DefinitionThis section has been translated automatically.
The C9 gene (C9 stands for "Complement C9") is a protein coding gene located at chromosome 5p13.1. The C9 gene encodes the last component of the complement system. It is involved in the formation of the"Membrane Attack Complex" (MAC). The MAC -complex attaches to bacterial membranes and forms a pore that allows disruption of bacterial membrane organization.
Mutations in the -C9 gene cause a deficiency of the complement component C9 and thus lead to a dysfunction of the MAC complex .
General informationThis section has been translated automatically.
Diseases associated with C9 include C9 deficiency (Complement Component 9 Deficiency; OMIM: 613825) and "age-related macular degeneration 15/ARMD15 (615591)".

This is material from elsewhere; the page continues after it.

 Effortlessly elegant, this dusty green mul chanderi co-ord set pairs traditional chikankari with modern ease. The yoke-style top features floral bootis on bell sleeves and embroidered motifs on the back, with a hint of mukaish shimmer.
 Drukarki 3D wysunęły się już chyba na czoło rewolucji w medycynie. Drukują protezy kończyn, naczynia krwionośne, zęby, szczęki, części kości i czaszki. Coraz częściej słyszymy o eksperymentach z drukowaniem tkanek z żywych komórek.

C9 deficiency is associated with an increased risk of meningococcal infections (Nagata M et al. 1989). Ichikawa E et al. 2001) could assign a case of dermatomyositis to a mutation in the C9 gene.

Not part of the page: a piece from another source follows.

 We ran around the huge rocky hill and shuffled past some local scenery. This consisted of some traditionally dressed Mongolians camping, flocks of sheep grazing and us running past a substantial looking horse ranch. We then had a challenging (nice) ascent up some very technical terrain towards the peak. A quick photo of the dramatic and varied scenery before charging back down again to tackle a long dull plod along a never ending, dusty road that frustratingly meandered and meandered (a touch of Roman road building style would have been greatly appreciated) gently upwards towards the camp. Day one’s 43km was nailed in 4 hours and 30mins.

Note(s)This section has been translated automatically.
By screening for complement deficiency in 145,640 blood donors from Osaka and 92,686 donors from all of Japan, Fukumori et al. (1998) identified
- 5 individuals with C5 deficiency (609536)
- 6 individuals with C6 deficiency (612446)

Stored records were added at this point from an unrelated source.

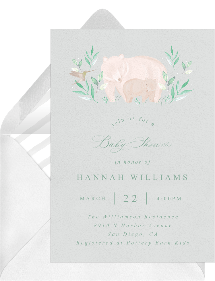 Baby Bear Greenery Invitation
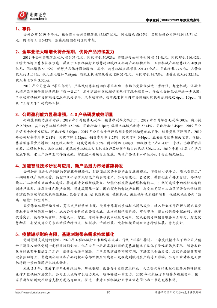 浙商证券:中联重科2019年报点评:盈利改善靠管理,需求强化靠刺激.pdf
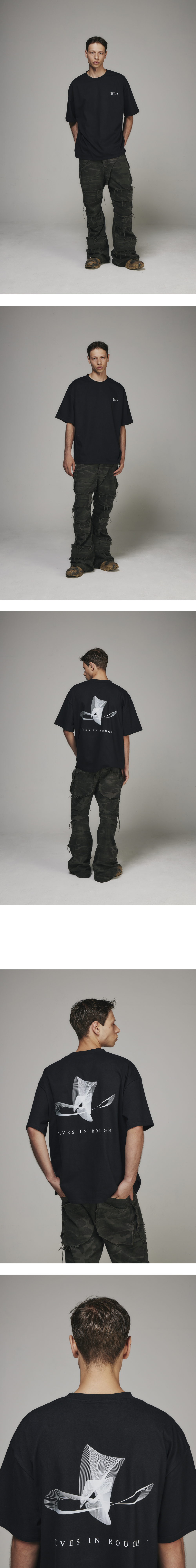 활동성이 강한 오버핏 티셔츠 전면부 BLR 폰트 프린팅 후면부 BLR 스핀 로고 프린팅 포인트 덤블 가공된 원단으로 우수한 터치감 활용도 높은 컬러감
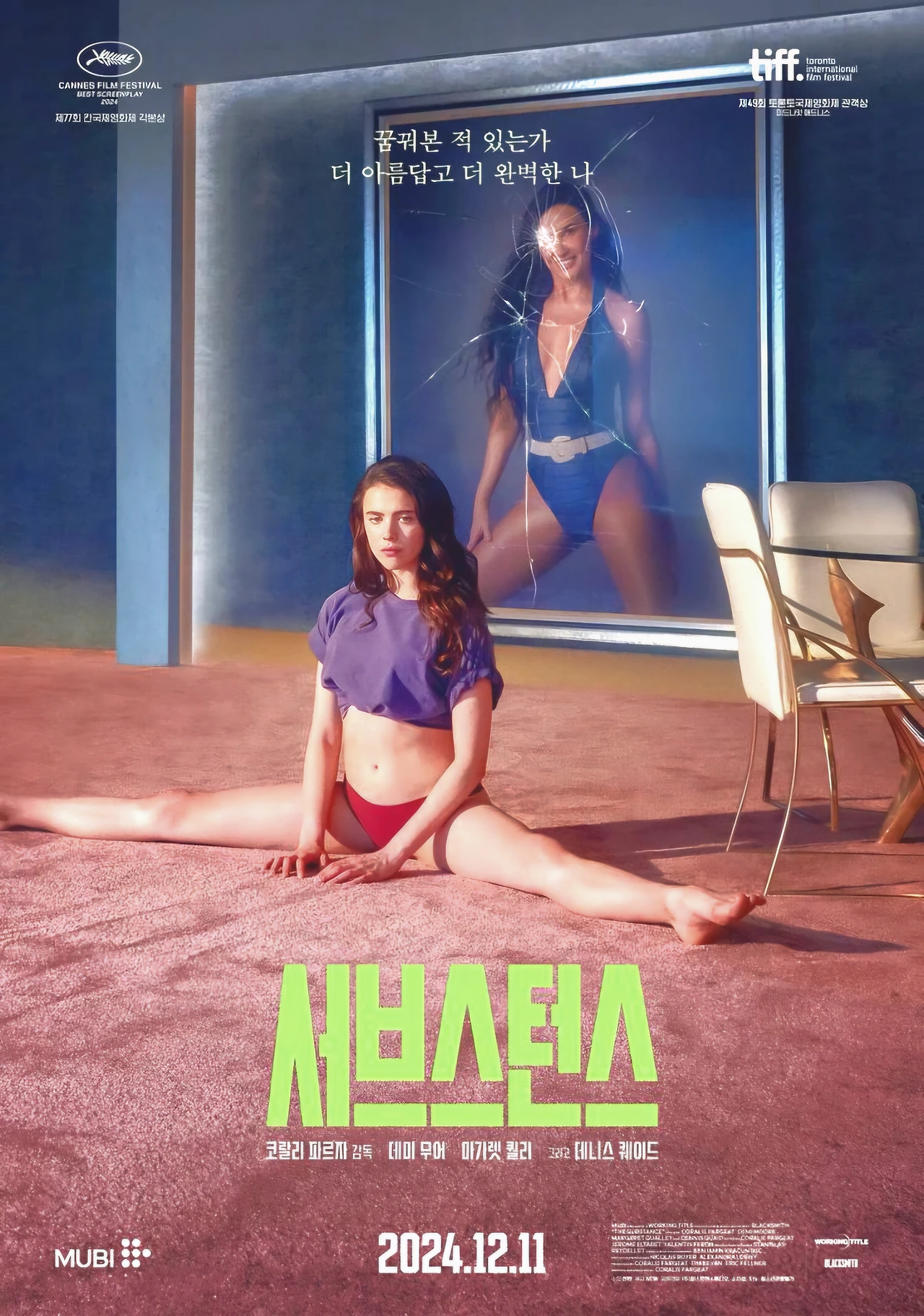 이 영화에 대한 감상을 나누면 가장 하기 쉬운 질문. 너라면 '서브스턴스'를 경험하겠느냐, 하는 것. 나는 영화를 보는 내내 아니라고 생각했다. 저걸 시작하는 순간 나는 매 순간 죽고 싶을 것 같았으니까. 언급했듯 그 모습을 너무 사랑하게 되면 반대의 나를 깊이 혐오할 수밖에 없으니. 그리고 이걸 인식하고 있는 걸 내심 자랑스레 생각했던 것 같다.

- 17 individuals with C7 deficiency (610102)
- 5 individuals with C8 alpha/gamma deficiency (2/100,000)
- 439 individuals with C9 deficiency (613825).
LiteratureThis section has been translated automatically.
- Fukumori Y et al.(1998) Terminal complement component deficiencies in Japan. Exp. Clin. Immunogenet 15: 244-248.
- Ichikawa E et al. (2001) Hereditary complement (C9) deficiency associated with dermatomyositis. Brit J Derm. 144: 1080-1083.
- Nagata M et al. (1989) Inherited deficiency of ninth component of complement: an increased risk of meningococcal meningitis. J Pediat 114: 260-264.